[Opening Supplied entries section]

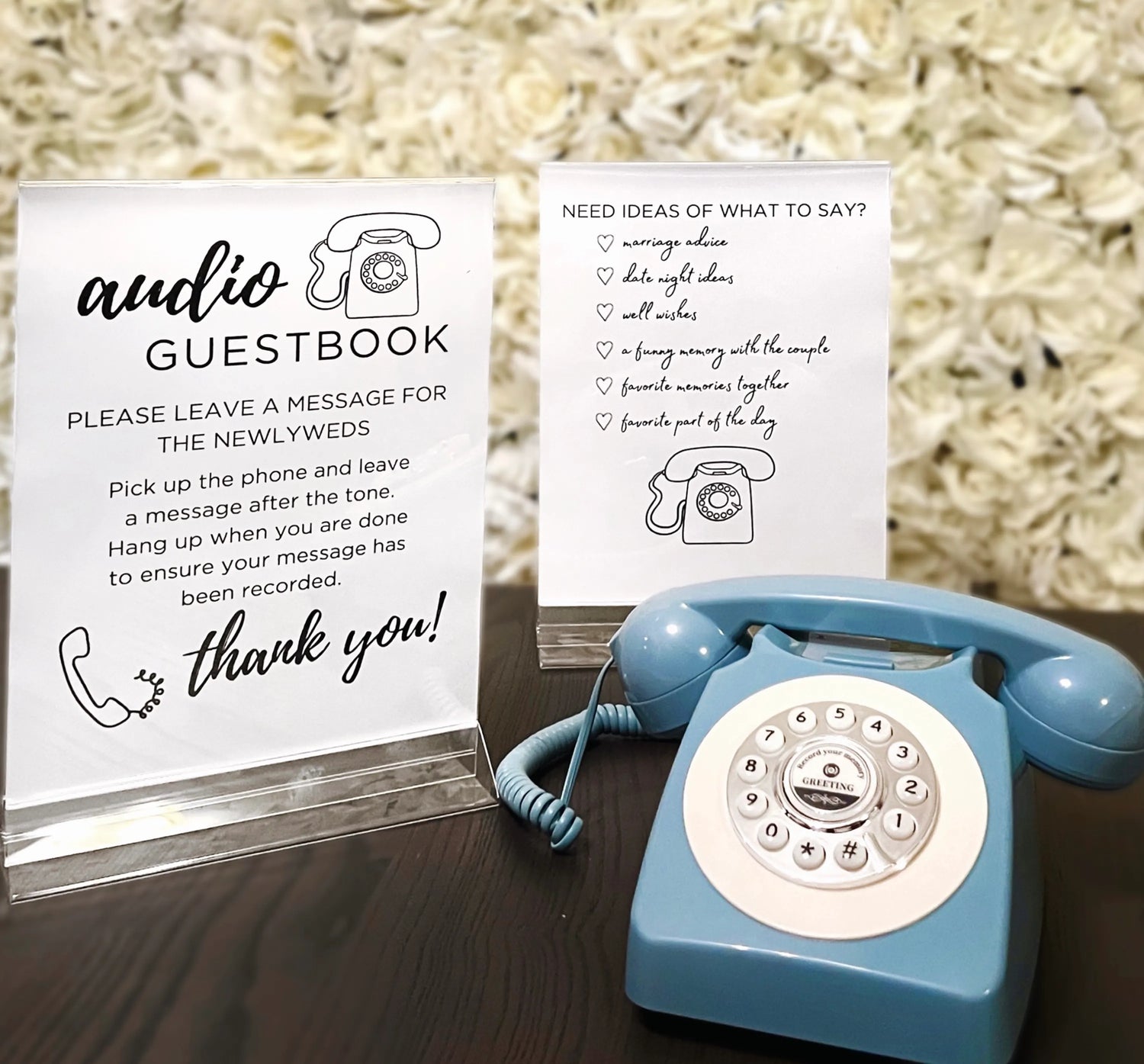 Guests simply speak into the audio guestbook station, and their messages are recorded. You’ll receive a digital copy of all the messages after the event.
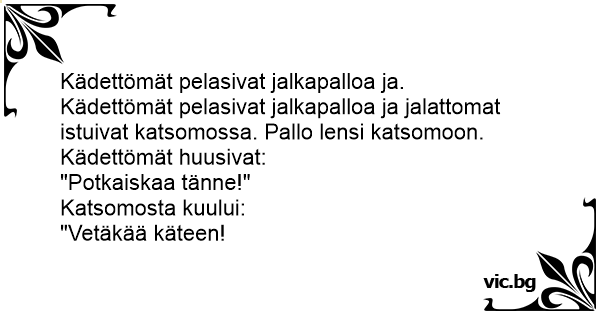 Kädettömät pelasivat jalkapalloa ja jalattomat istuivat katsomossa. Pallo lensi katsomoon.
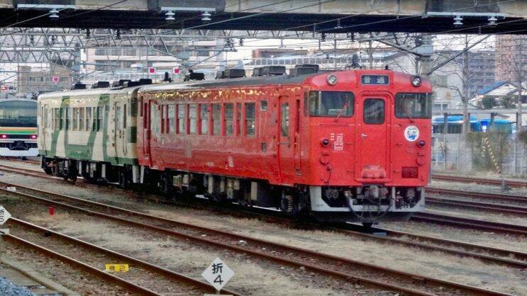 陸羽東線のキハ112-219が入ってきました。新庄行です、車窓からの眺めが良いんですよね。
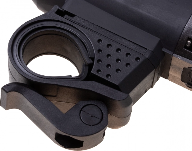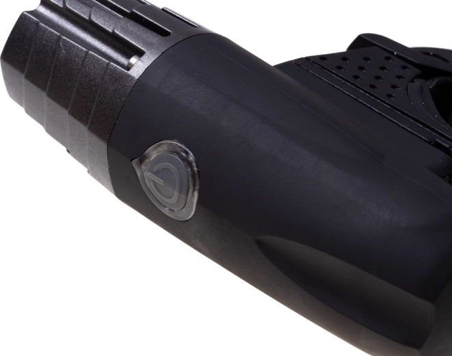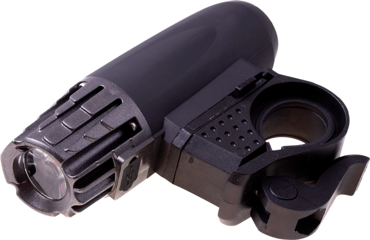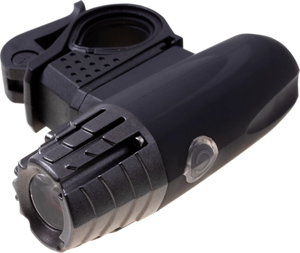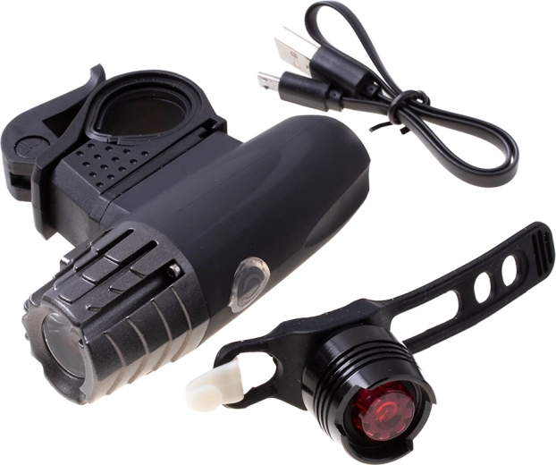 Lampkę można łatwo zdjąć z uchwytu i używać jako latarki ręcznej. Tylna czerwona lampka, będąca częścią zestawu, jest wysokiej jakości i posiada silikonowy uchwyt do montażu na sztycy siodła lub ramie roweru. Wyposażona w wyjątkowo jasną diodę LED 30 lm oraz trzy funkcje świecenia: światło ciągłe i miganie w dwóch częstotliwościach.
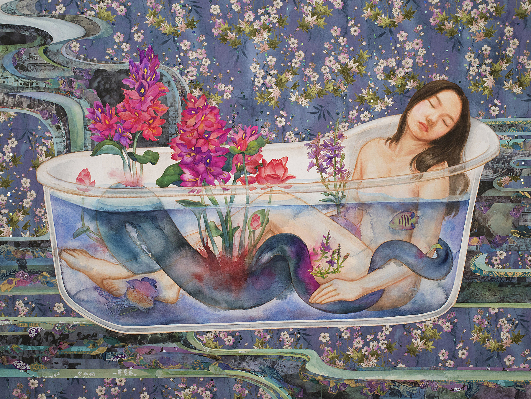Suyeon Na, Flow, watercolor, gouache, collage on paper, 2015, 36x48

[Closing Supplied entries section]

*Description of the task*.
Once you find the line containing "Lampkę można łatwo", transcribe it and each line after it to the end of the records exactly, and leave out the pictures.

*The answer*.
 Lampkę można łatwo zdjąć z uchwytu i używać jako latarki ręcznej. Tylna czerwona lampka, będąca częścią zestawu, jest wysokiej jakości i posiada silikonowy uchwyt do montażu na sztycy siodła lub ramie roweru. Wyposażona w wyjątkowo jasną diodę LED 30 lm oraz trzy funkcje świecenia: światło ciągłe i miganie w dwóch częstotliwościach.
Suyeon Na, Flow, watercolor, gouache, collage on paper, 2015, 36x48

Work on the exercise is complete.